Reputation: 3396
I have a messy dataframe where I am trying to "flag" the rows that contain a certain number in the ids
column. The values in this column represent an inclusive range: for example, "row 4" contains the following numbers:
2409,2410,2411,2412,2413,2414,2377,2378,1478,1479,1480,1481,1482,1483,1484
And in "row 0" and "row 1" the range for one of the sets is backwards (1931,1930,1929)
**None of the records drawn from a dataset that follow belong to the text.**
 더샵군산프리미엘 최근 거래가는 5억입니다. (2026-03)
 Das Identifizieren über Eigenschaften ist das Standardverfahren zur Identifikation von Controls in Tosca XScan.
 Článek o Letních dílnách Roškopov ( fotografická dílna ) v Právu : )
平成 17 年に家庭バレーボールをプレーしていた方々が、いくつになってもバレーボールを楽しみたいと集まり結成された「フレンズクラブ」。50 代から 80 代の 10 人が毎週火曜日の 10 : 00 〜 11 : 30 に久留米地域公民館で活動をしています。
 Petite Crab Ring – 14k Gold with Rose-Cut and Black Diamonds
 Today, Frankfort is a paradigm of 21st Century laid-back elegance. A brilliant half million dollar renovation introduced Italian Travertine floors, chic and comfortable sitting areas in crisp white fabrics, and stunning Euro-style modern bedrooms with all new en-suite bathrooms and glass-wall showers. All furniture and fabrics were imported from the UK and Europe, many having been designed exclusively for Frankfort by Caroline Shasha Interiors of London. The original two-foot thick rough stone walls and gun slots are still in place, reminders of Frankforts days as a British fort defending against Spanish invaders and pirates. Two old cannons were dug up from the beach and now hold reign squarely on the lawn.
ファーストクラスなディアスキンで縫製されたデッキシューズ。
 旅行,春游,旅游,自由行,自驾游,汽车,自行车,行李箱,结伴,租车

If I want to know which rows have sets that contain "2340" and "1930" for example, how would I do this? I think a loop is needed, sometimes will need to query more than just two numbers. Using Python 3.8.
Example Dataframe
x = ['1331:1332,1552:1551,1931:1928,1965:1973,1831:1811,1927:1920',
'1331:1332,1552:1551,1931:1929,180:178,1966:1973,1831:1811,1927:1920',
'2340:2341,1142:1143,1594:1593,1597:1596,1310,1311',
'2339:2341,1142:1143,1594:1593,1597:1596,1310:1318,1977:1974',
'2409:2414,2377:2378,1478:1484',
'2474:2476',
]
y = [6.48,7.02,7.02,6.55,5.99,6.39,]
df = pd.DataFrame(list(zip(x, y)), columns =['ids', 'val'])
display(df)
Upvotes: 0
Views: 434
Reputation: 1420
I would write a function that perform 2 steps:
ids_num_list
query_id
is in the ids_num_list
def check_num_in_ids_string(ids_string, query_id):
# Convert ids_string to ids_num_list
ids_range_list = ids_string.split(',')
ids_num_list = set()
for ids_range in ids_range_list:
if ':' in ids_range:
lower, upper = sorted(ids_range.split(":"))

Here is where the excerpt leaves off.